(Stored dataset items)

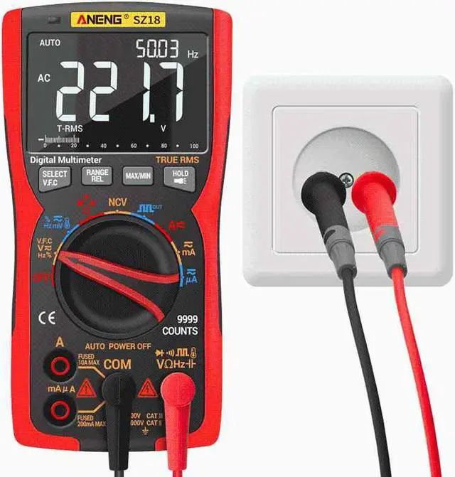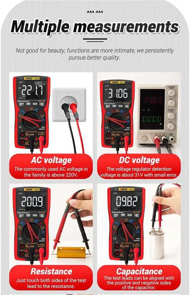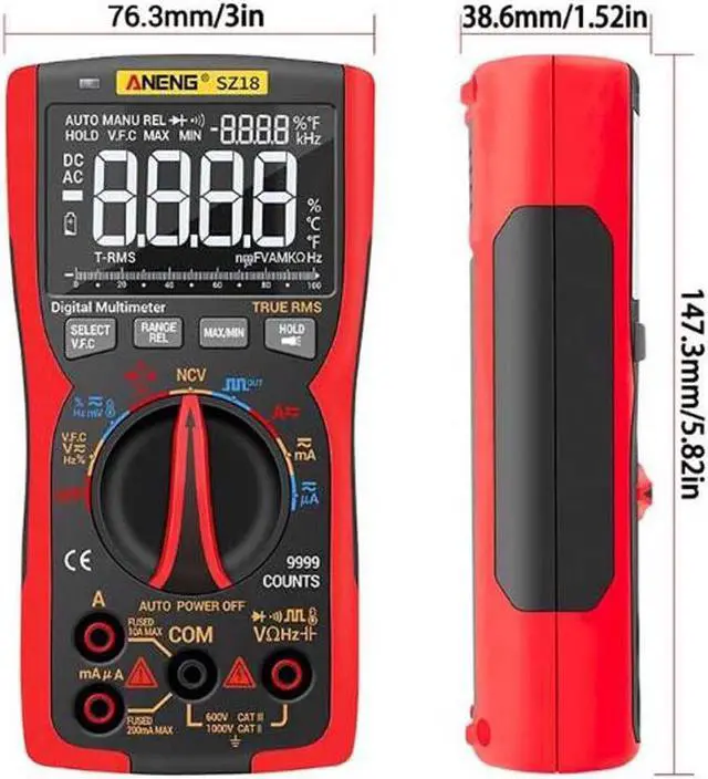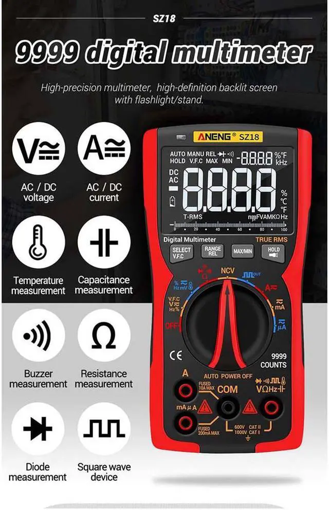Specification: BrandANENGModelSZ18Liquid crystal Display (LCD) 9999RangeAutomatic / manualMaterialABS + TPESampling rate3 times / secTrue RMSYesData retentionYesScreen backlightYesLow battery warningYesAutomatic shut-downYesBattery Type3 * 1.5 v AA battery (not included) CharacteristicsRangeAccuracyAC frequency responseDC Current 9.999A / 999.9 mA( 1.0 % + 3)-DC Current 99.99 mA/ 9.999 mA/ 99.99 A/ 999.9A ( 0.8 % + 3)-AC Current 9.999A / 999.9 mA( 1.2 % + 3)40hz~1khzAC Current 99.99 mA/ 9.999 mA/ 99.99 A/ 999.9A ( 1.0 % + 3)40hz~1khzDC Voltage999. 9mv/ 9.999 v/ 99.99 v/ 999.9 v/9. 999mv/99. 99mv/ 999.9 mv( 0.5 % + 3)-AC Voltage999. 9mv/ 9.999 v/ 99.99 v/ 750.0 v/9. 999mv/99. 99mv/ 999.9 mv( 1.0 % + 3)40hz~1khzResistance 99.99 ( 1.0 % + 3)-Resistance 999.9 / 9.999 k / 99.99 k / 999.9 k( 0.5 % + 3)-Resistance 9.999M ( 1.5 % + 3)-Resistance 99.99M ( 3.0 % + 5)-Capacitance 9.999 nF( 5.0 % + 20)-Capacitance99. 99nf/999. 9nf/ 9.999 f/ 99.99 f/ 999.9 f( 2.0 % + 5)-Capacitance 9.999 mF( 5.0 % + 5)-Frequency 99.99 hz/ 999.9 hz/ 9.999 khz/ 99.99 khz/ 999.9 khz/ 5.000 mhz( 0.1 % + 2)-Temperature(-20 ~ 1000) / (-4 ~ 1832)( 2.5 % + 5)-Duty cycle1% ~ 99%DiodoYesOn /offYesNCVYesWorking environmentTemperature0 ~ 40 Humidity<75% ANENG SZ18 is an automatic range digital multimeter with 9999 words with a true effective value.
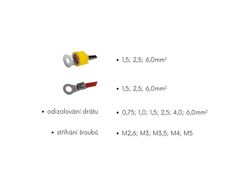 - izolované koncovky 1.5, 2.5, 6.0 mm / neizolované koncovky 1.5, 2.5, 6.0 mm / střih metrickým šroubů M2.6, M3, M3.5, M4 a M5 / odizolovávání 0.75, 1.0, 1.5, 2.5, 4.0 a 6.0 mm + B16 : B19
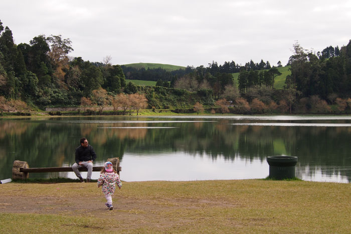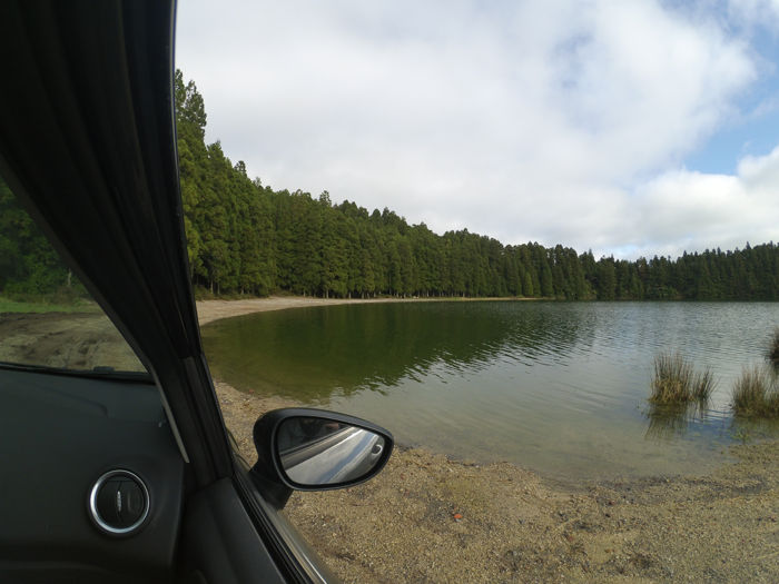 Después de desayunar cogimos el coche y nuestra primera parada fue Lagoa de Sao Bras. Este lago intentamos visitarlo el primer día pero nos fue imposible, se encontraba lleno de niebla y no se veía nada. Así que, como muchos otros lugares de la isla hay que darles una segunda oportunidad o incluso tercera para poder verlos, de lo contrario te tocará irte sin descubrirlos… Siguiente parada Lagoa das Furnas.
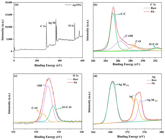 Figure 6. XPS characterization of AgFFG. (a) XPS survey spectra of AgFFG; (b) high-resolution C1s XPS spectrum; (c) high resolution O1s XPS spectrum of AgFFG; (d) high-resolution Ag3d XPS spectrum of AgFFG.
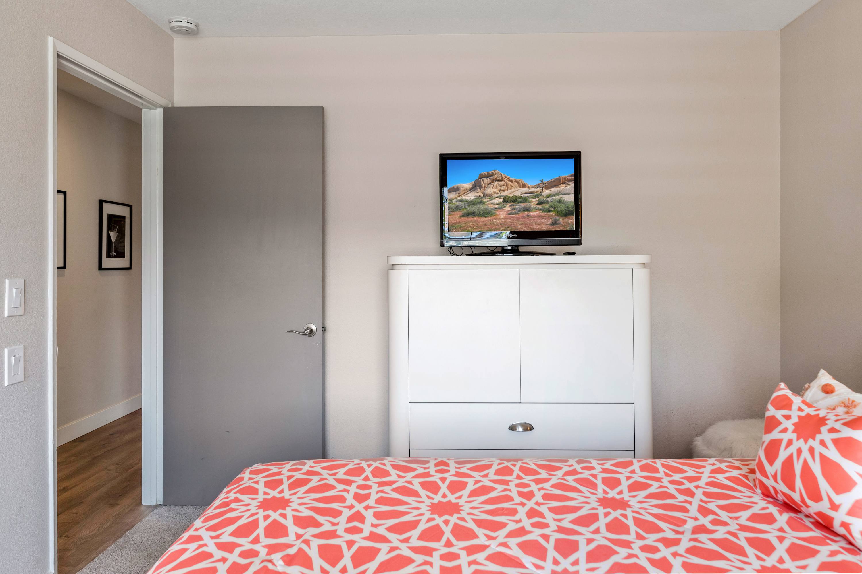 Bedroom #4 has a queen size bed and smart tv.
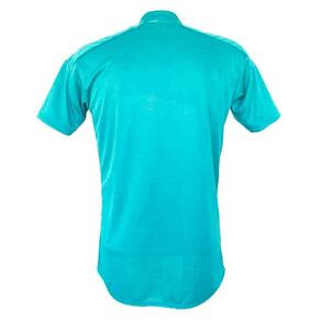 A camisa masculina é de mangas curtas, com gola em formato V.
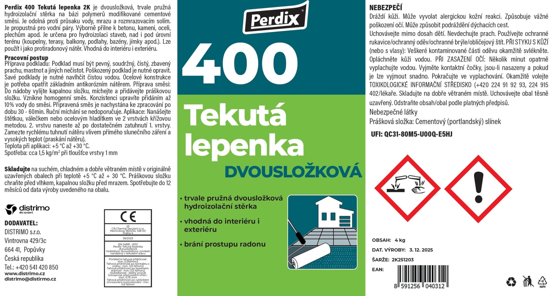 Perdix Tekutá lepenka 2K je dvojzložková pružná hydroizolačná hmota, ktorá po zmiešaní kvapalnej a sypkej časti vytvorí plastickú, tixotropnú a veľmi jednoducho aplikovateľnú zmes. Po vytvrdnutí vzniká spoľahlivá hydroizolačná membrána, ktorá bráni presakovaniu vody pod hydrostatickým tlakom a zároveň neprepúšťa vlhkosť. Hmota je dostupná v sivej farbe a vďaka mikropórovitej štruktúre umožňuje prestup vodných pár bez podpory kondenzácie.
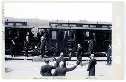 Järnvägen Skara-Vara-Göteborg. Uppehållet i Lundsbrunn (?) i samband med att Oscar II invigningsåkte på Västergötlands järnväg år 1900. Invigningsfesten var i Göteborg där biskop E...
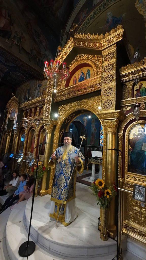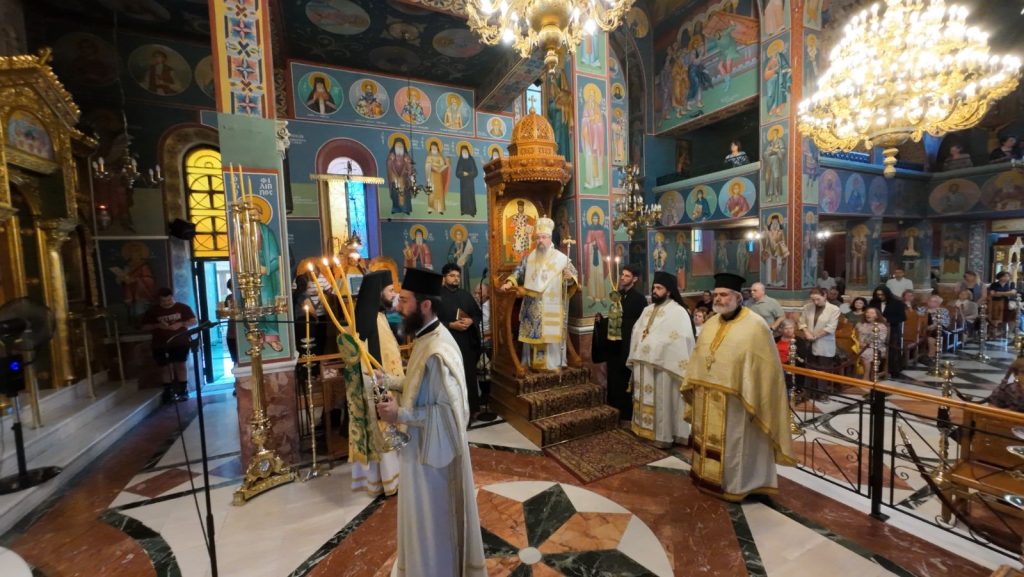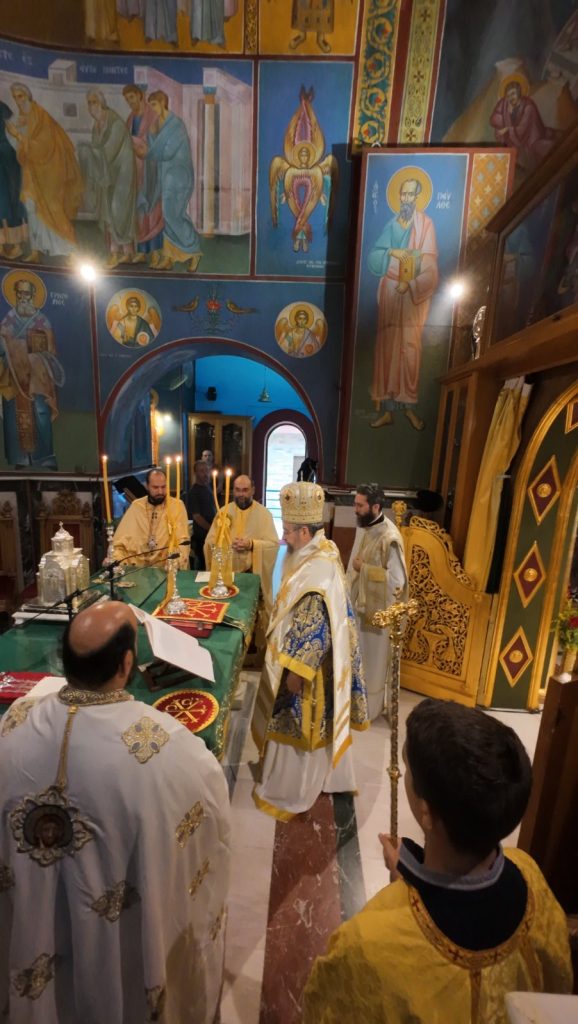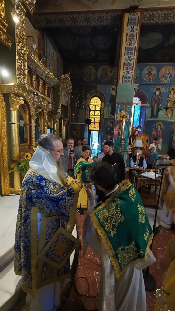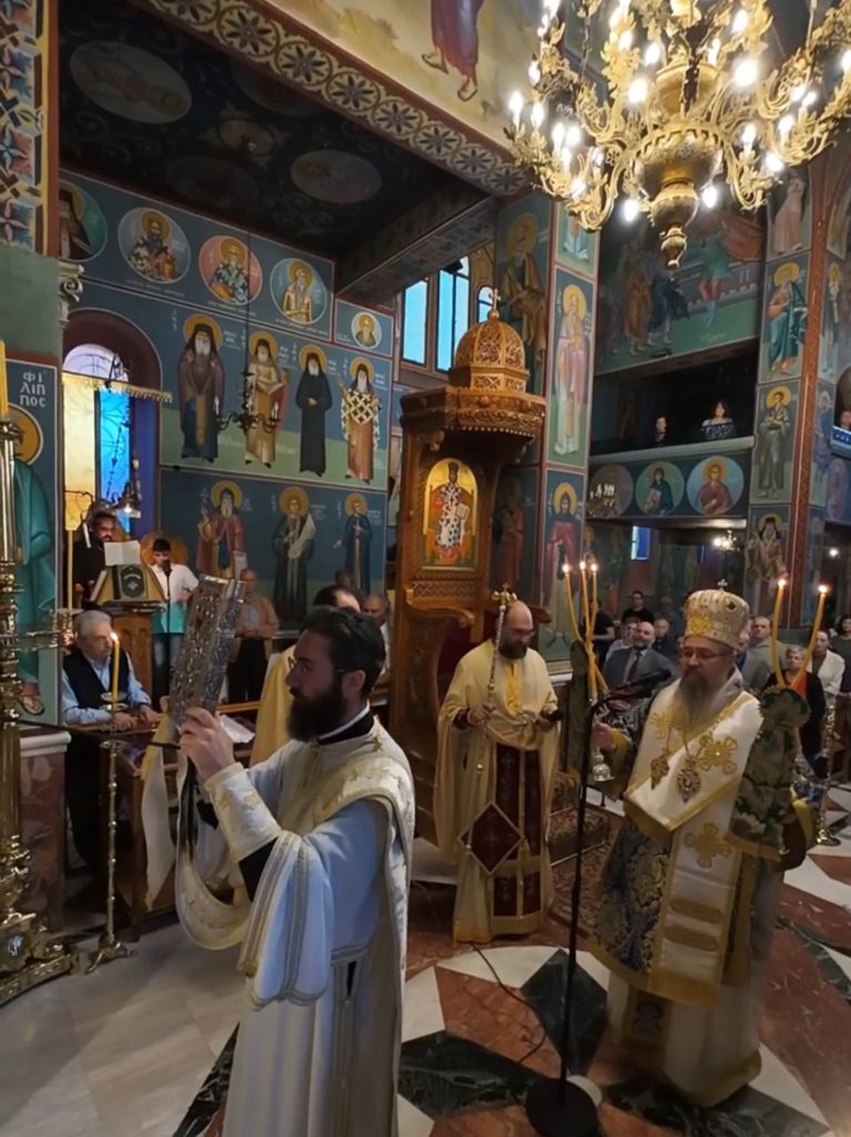 Το πρωί της Κυριακής, 13 Οκτωβρίου 2024 ο Σεβασμιώτατος Ποιμενάρχης μας κ. Θεόφιλος βρέθηκε στον κατάμεστο Ιερό Καθεδρικό Ναό Αγίας Γλυκερίας Γαλατσίου, όπου και προεξήρχε της Αναστάσιμης Αρχιερατικής Θείας Λειτουργίας, κατόπιν προσκλήσεως του Προϊστάμενου του εν λόγω Ιερού Ναού, Πανοσιολογιωτάτου Αρχιμανδρίτου π. Ιωακείμ Αϊβαλιώτη. Τον Σεβασμιώτατο Μητροπολίτη μας πλαισίωσαν επιπλέον οι εφημέριοι του Ιερού Ναού, Πανοσιολογιώτατος Αρχιμανδρίτης π. Αθηναγόρας Σουπουρτζής, ο Αιδεσιμολ. Πρωτοπρεσβύτερος π. Γεώργιος Γιαπιτζίογλου, όπως και ο κληρικός της Ιεράς Μητροπόλεως Κώου, Πανοσιολογιώτατος Αρχιμανδρίτης π. Διονύσιος Παριάρος και ο Αρχιδιάκονος της Ιεράς Μητροπόλεως Περιστερίου, π. Δαυίδ Καψάλης.

## Task goal
Please transcribe all of the entries word for word, with the pictures left out.

## Answer box
Specification: BrandANENGModelSZ18Liquid crystal Display (LCD) 9999RangeAutomatic / manualMaterialABS + TPESampling rate3 times / secTrue RMSYesData retentionYesScreen backlightYesLow battery warningYesAutomatic shut-downYesBattery Type3 * 1.5 v AA battery (not included) CharacteristicsRangeAccuracyAC frequency responseDC Current 9.999A / 999.9 mA( 1.0 % + 3)-DC Current 99.99 mA/ 9.999 mA/ 99.99 A/ 999.9A ( 0.8 % + 3)-AC Current 9.999A / 999.9 mA( 1.2 % + 3)40hz~1khzAC Current 99.99 mA/ 9.999 mA/ 99.99 A/ 999.9A ( 1.0 % + 3)40hz~1khzDC Voltage999. 9mv/ 9.999 v/ 99.99 v/ 999.9 v/9. 999mv/99. 99mv/ 999.9 mv( 0.5 % + 3)-AC Voltage999. 9mv/ 9.999 v/ 99.99 v/ 750.0 v/9. 999mv/99. 99mv/ 999.9 mv( 1.0 % + 3)40hz~1khzResistance 99.99 ( 1.0 % + 3)-Resistance 999.9 / 9.999 k / 99.99 k / 999.9 k( 0.5 % + 3)-Resistance 9.999M ( 1.5 % + 3)-Resistance 99.99M ( 3.0 % + 5)-Capacitance 9.999 nF( 5.0 % + 20)-Capacitance99. 99nf/999. 9nf/ 9.999 f/ 99.99 f/ 999.9 f( 2.0 % + 5)-Capacitance 9.999 mF( 5.0 % + 5)-Frequency 99.99 hz/ 999.9 hz/ 9.999 khz/ 99.99 khz/ 999.9 khz/ 5.000 mhz( 0.1 % + 2)-Temperature(-20 ~ 1000) / (-4 ~ 1832)( 2.5 % + 5)-Duty cycle1% ~ 99%DiodoYesOn /offYesNCVYesWorking environmentTemperature0 ~ 40 Humidity<75% ANENG SZ18 is an automatic range digital multimeter with 9999 words with a true effective value.
 - izolované koncovky 1.5, 2.5, 6.0 mm / neizolované koncovky 1.5, 2.5, 6.0 mm / střih metrickým šroubů M2.6, M3, M3.5, M4 a M5 / odizolovávání 0.75, 1.0, 1.5, 2.5, 4.0 a 6.0 mm + B16 : B19
 Después de desayunar cogimos el coche y nuestra primera parada fue Lagoa de Sao Bras. Este lago intentamos visitarlo el primer día pero nos fue imposible, se encontraba lleno de niebla y no se veía nada. Así que, como muchos otros lugares de la isla hay que darles una segunda oportunidad o incluso tercera para poder verlos, de lo contrario te tocará irte sin descubrirlos… Siguiente parada Lagoa das Furnas.
 Figure 6. XPS characterization of AgFFG. (a) XPS survey spectra of AgFFG; (b) high-resolution C1s XPS spectrum; (c) high resolution O1s XPS spectrum of AgFFG; (d) high-resolution Ag3d XPS spectrum of AgFFG.
 Bedroom #4 has a queen size bed and smart tv.
 A camisa masculina é de mangas curtas, com gola em formato V.
 Perdix Tekutá lepenka 2K je dvojzložková pružná hydroizolačná hmota, ktorá po zmiešaní kvapalnej a sypkej časti vytvorí plastickú, tixotropnú a veľmi jednoducho aplikovateľnú zmes. Po vytvrdnutí vzniká spoľahlivá hydroizolačná membrána, ktorá bráni presakovaniu vody pod hydrostatickým tlakom a zároveň neprepúšťa vlhkosť. Hmota je dostupná v sivej farbe a vďaka mikropórovitej štruktúre umožňuje prestup vodných pár bez podpory kondenzácie.
 Järnvägen Skara-Vara-Göteborg. Uppehållet i Lundsbrunn (?) i samband med att Oscar II invigningsåkte på Västergötlands järnväg år 1900. Invigningsfesten var i Göteborg där biskop E...
 Το πρωί της Κυριακής, 13 Οκτωβρίου 2024 ο Σεβασμιώτατος Ποιμενάρχης μας κ. Θεόφιλος βρέθηκε στον κατάμεστο Ιερό Καθεδρικό Ναό Αγίας Γλυκερίας Γαλατσίου, όπου και προεξήρχε της Αναστάσιμης Αρχιερατικής Θείας Λειτουργίας, κατόπιν προσκλήσεως του Προϊστάμενου του εν λόγω Ιερού Ναού, Πανοσιολογιωτάτου Αρχιμανδρίτου π. Ιωακείμ Αϊβαλιώτη. Τον Σεβασμιώτατο Μητροπολίτη μας πλαισίωσαν επιπλέον οι εφημέριοι του Ιερού Ναού, Πανοσιολογιώτατος Αρχιμανδρίτης π. Αθηναγόρας Σουπουρτζής, ο Αιδεσιμολ. Πρωτοπρεσβύτερος π. Γεώργιος Γιαπιτζίογλου, όπως και ο κληρικός της Ιεράς Μητροπόλεως Κώου, Πανοσιολογιώτατος Αρχιμανδρίτης π. Διονύσιος Παριάρος και ο Αρχιδιάκονος της Ιεράς Μητροπόλεως Περιστερίου, π. Δαυίδ Καψάλης.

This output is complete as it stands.